Figure 4. — Variability in bootstrapped approach: ratio of CI widths, with 95% CI around the ratio, by power and prevalence of the outcome in the control.

Legend: ITT = intention-to-treat, CACE = complier average causal effect, CI = confidence interval.

Application to real data

In a CRT in Malawi, 29 schools were randomised to an intervention to evaluate training teachers to diagnose and treat uncomplicated malaria in their pupils and 29 schools to no intervention.²⁰

The primary outcome was absenteeism, captured using daily attendance registers and defined as a proportion (or, percentage) of absences out of the number of eligible days of attendance over term days in a 50 week period (ineligible days during term-time could be term-time public holidays, bad weather school closures, absence for other reasons unrelated to ill-health).

Of interest was the direct intervention effect among pupils who potentially had malaria. The children who attended at least one consultation were the compliers.²¹

The CACE was defined as the odds ratio of absenteeism among compliers in the intervention group relative to an assumed group of compliers in the control arm.

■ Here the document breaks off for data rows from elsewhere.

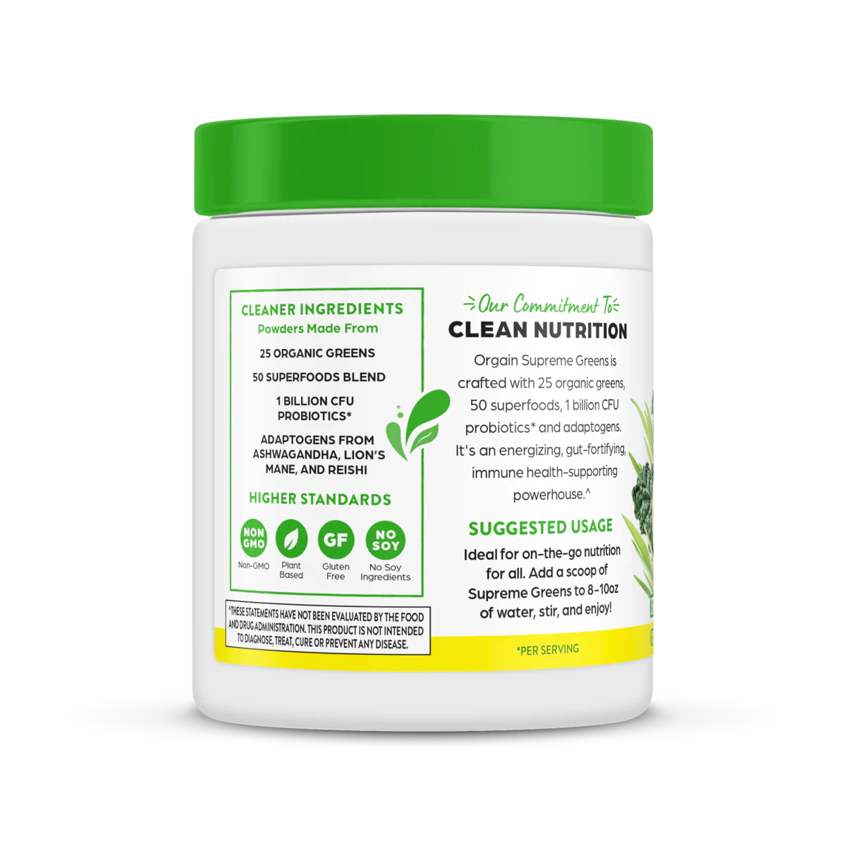Our Organic Lemon Twist Flavored Supreme Greens Superfood Nutrition Powder is a smart and convenient way to supercharge your everyday nutrition and support gut health ++. Each serving contains 25 Organic Greens including purslane, kale, spinach, broccoli, chlorella, and more, and 50 organic, vegan superfoods. Our Supreme Greens Superfoods powder is certified organic, so you can rest assured that you are getting good, clean nutrition. Plus, each scoop contains 1 billion probiotics to support your digestive health++ and adaptogens ashwagandha, reishi, and lion’s mane!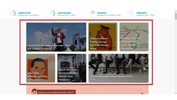 The site organization of tirto.id is very well-organized. We can easily choose the category of article that we want to read, by clicking the banners on the centre of the page. The banners show the headlines and pictures, and the contents are very structured so the readers can easily find specific contents to read even they do not use the search engine of the article. Not forget to mention, the website has multiple widgets to help the readers navigate the page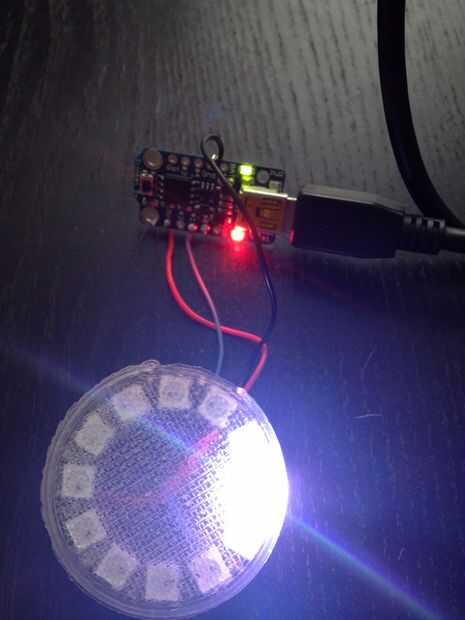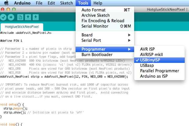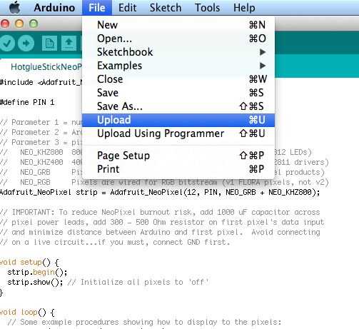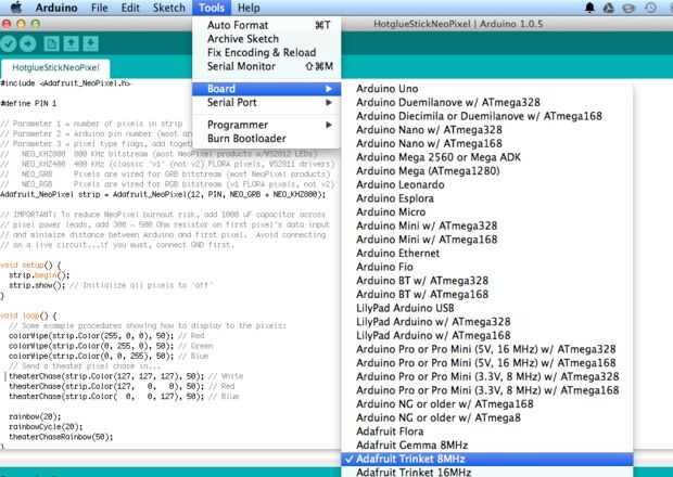 Una vez que su IDE es ir a archivo > ejemplos > HotglueStickNeoPixel.ino. También seleccionar la Junta utiliza (Herramientas > Junta Directiva > Adafruit baratija 8MHz).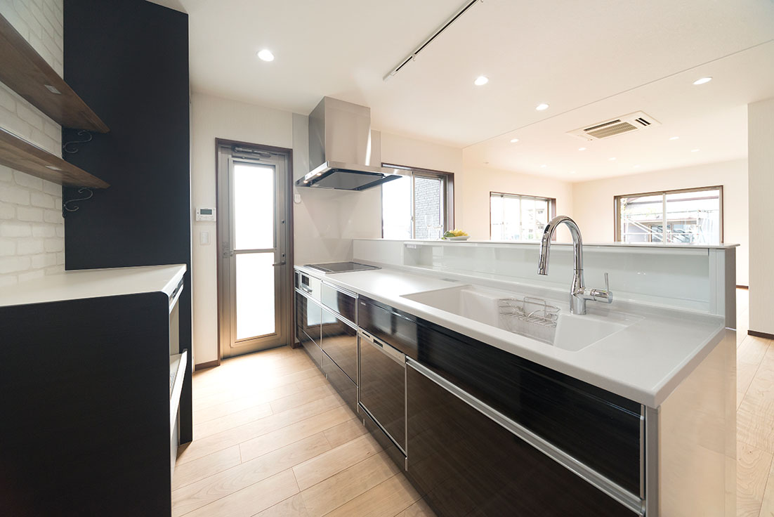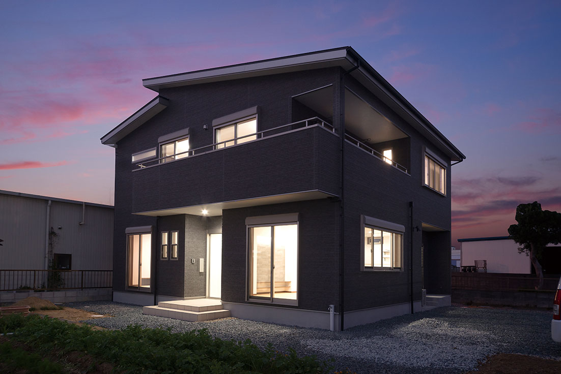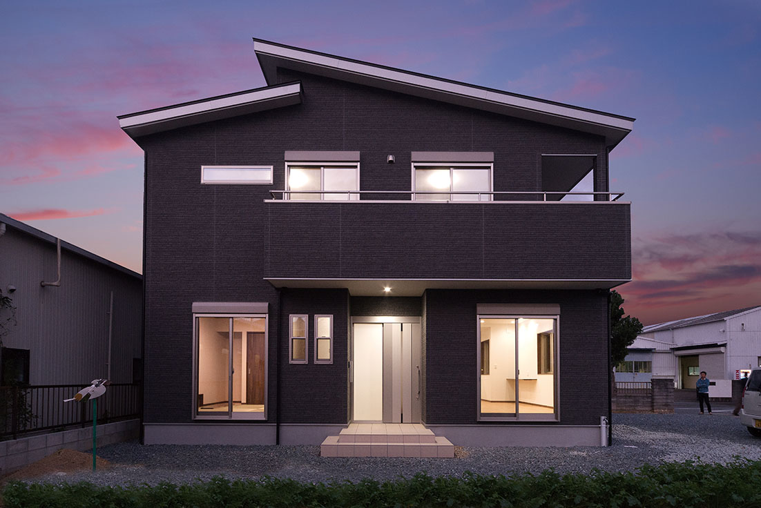 見る角度によって表情を変える勾配屋根が特徴の、スタイリッシュなブラックボックス。徹底的に区間を活かし、ウォークインクローゼット、小屋裏収納、パントリーなど理想の収納力を実現しました。 家事動線を考えた間取りも必見です。デザイン性と暮らしやすさの両立にこだわった、才色兼備なお家です。

There were 4587 children in the intervention arm and 4430 children in the control arm with daily attendance data available. A total of 47,469 absences were observed over 266,459 follow-up person-days in the intervention arm (17.8%), and 51,503 absences over 256,502 follow-up person-days in the control arm (20.1%).

In the intervention arm, 1945 (42.4%) children were compliers (attended at least on consultation). Absenteeism was 15.6% in the compliers in the intervention arm (18,564 absences out of 118,694 person-days of follow-up). In the non-compliers in the intervention arm, absenteeism was 9.6% (28,905 absences out of 147,765 person-days of follow-up among the 2642 non-compliers). The ITT odds ratio was 0.86, a 14% reduction in odds of absenteeism in the intervention schools versus control schools (95% CI 0.74 to 1.00). The CACE was further from the null (OR = 0.70, 95% CI 0.43 to 1.01, using the clustered bootstrap approach), which alongside the simulation and ITT results, strengthens the findings of the trial and suggests the intervention can have a direct effect in reducing absenteeism in the schools enrolled in the CRT in Malawi.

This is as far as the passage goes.